When a load balancer and backend are selected:

  • Scale up: New instances are automatically registered as targets in the specified backend. Traffic begins routing to them as soon as they pass health checks.
  • Scale down: Instances are deregistered from the backend before being destroyed, allowing in-flight requests to complete.

This creates a fully automatic scaling pipeline: traffic arrives at the load balancer, which distributes it across the scaling group's instances, which grow and shrink based on demand.


Activity Log

The management page shows a real-time activity log of all scaling events:

ColumnDescription
TimeWhen the event occurred
ActionScale Up (green), Scale Down (yellow), or Error (red)
MetricThe metric reading that triggered the action (e.g., CPU 85%)
InstanceThe instance created or destroyed (clickable link)
MessageHuman-readable description of what happened

Activity logs are retained for 30 days and then automatically cleaned up.


Instances

The instances section shows all instances currently managed by the scaling group, with status and creation time. From here you can:

  • Manage (cog icon) -- Navigate to the instance's full management page
  • Destroy (trash icon) -- Remove a specific instance from the group
info

If you manually destroy an instance and the count drops below the minimum, the system will automatically create a replacement.


Billing

Instances in a scaling group are billed identically to regular Cloud Service instances -- hourly charges based on the selected plan. There is no additional charge for the scaling group itself.

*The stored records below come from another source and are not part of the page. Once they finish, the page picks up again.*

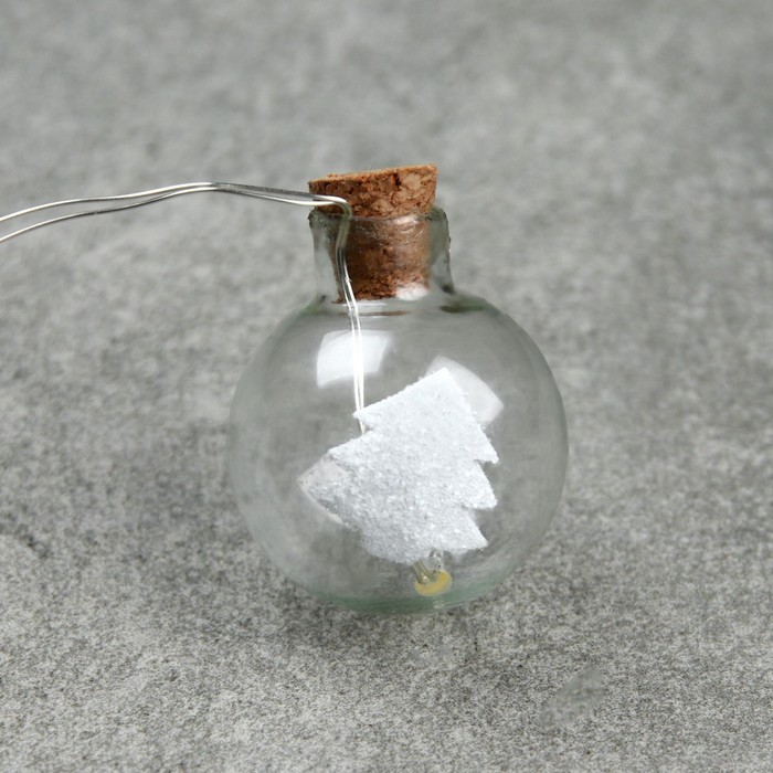 Гирлянда «Нить» 1.6 м с насадками «Шарики с ёлочкой», IP20, прозрачная нить, 15 LED, свечение тёплое белое, ААх2
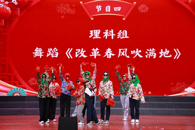 理科组则带来了创意十足的舞蹈《改革春风吹满地》。他们巧妙编排,将网络流行元素与学科特色结合,舞步幽默诙谐,展现了理科教师严谨之外风趣活泼的一面。
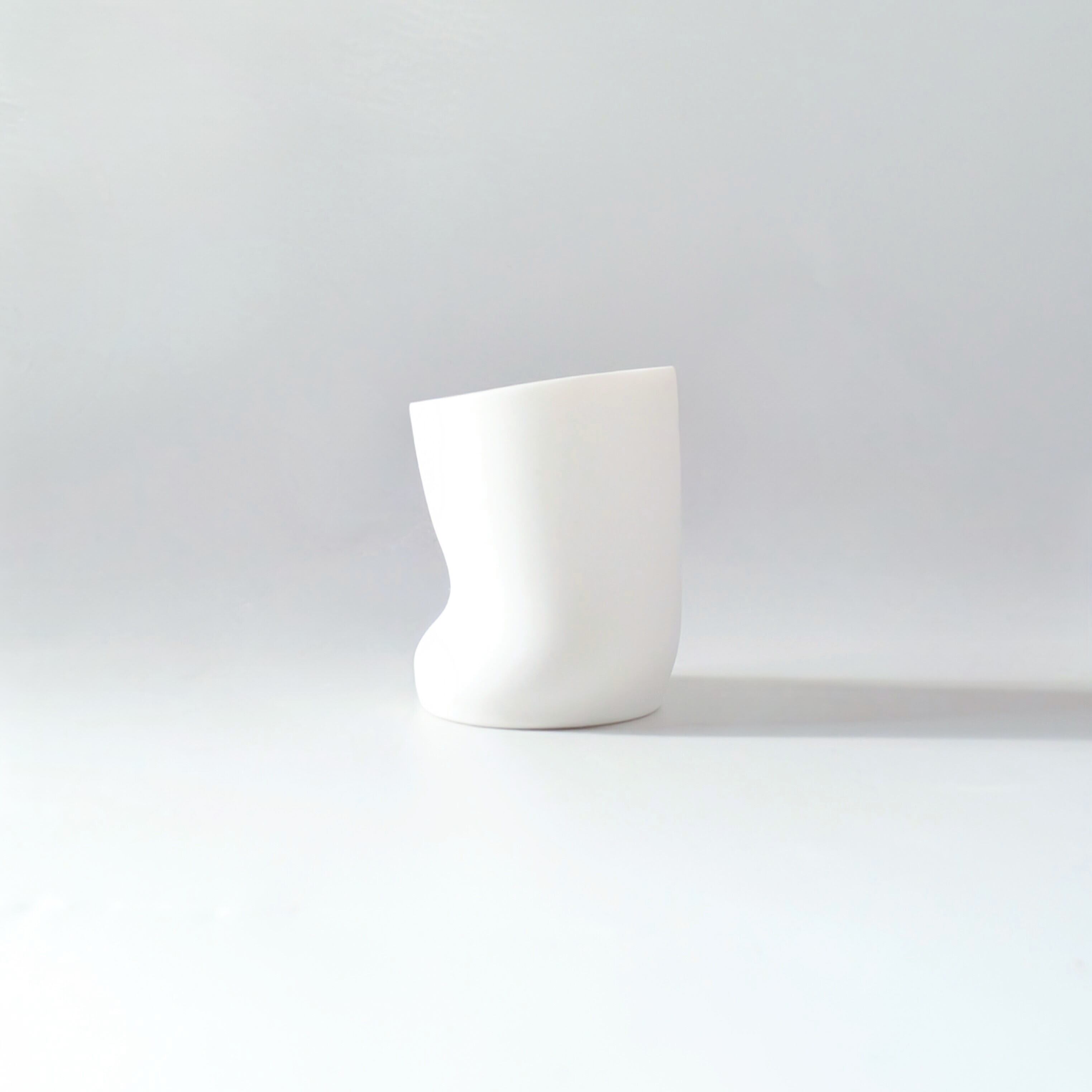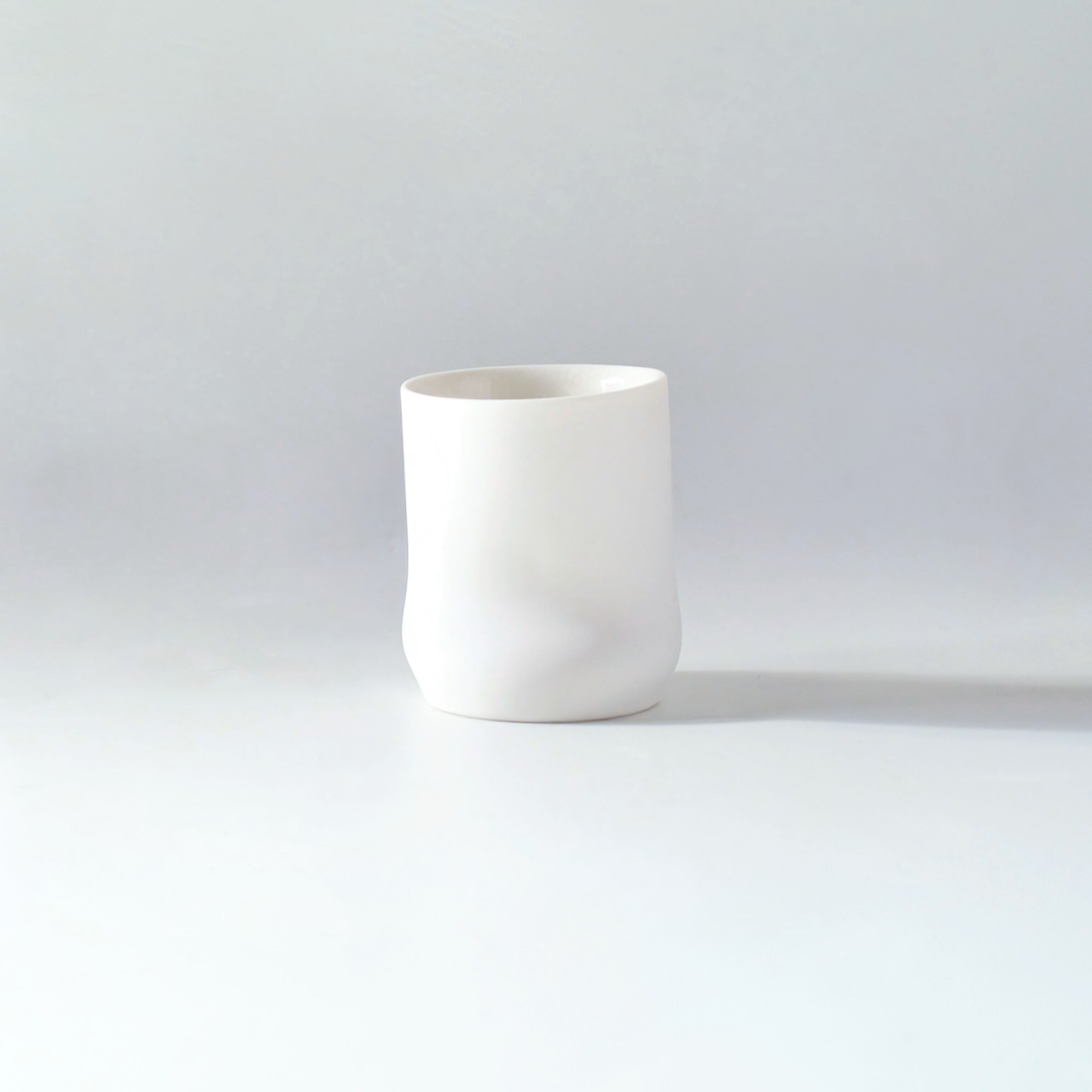 『MELT CUP』は焼成する前にひとつひとつ手作業で歪みをつけて形を作ることで、まるで溶け出しているような表情のあるカップ。

Costs scale linearly: if your group scales from 2 to 5 instances, you pay for 5 instances. When it scales back down, billing stops for the removed instances.


Troubleshooting

Instances not being created

  • Verify the scaling group status is Active (not Paused)
  • Check that your account has sufficient credit balance
  • Verify the location has available hypervisors with enough resources
  • If using a private VPC subnet, ensure a NAT gateway is attached

Scale up not triggering

  • Confirm at least one scaling policy is enabled
  • Check that the average metric exceeds the scale-up threshold
  • The cooldown period may not have elapsed since the last scale-up
  • Review the activity log for error entries

Instances created but not accessible

  • New instances take a minute or two to boot and apply cloud-init
  • If using a load balancer, check that health checks are passing
  • Verify the VPC subnet has available IPs

"No hypervisors available"

All hypervisors in the location are at capacity. Contact your provider about adding more compute resources.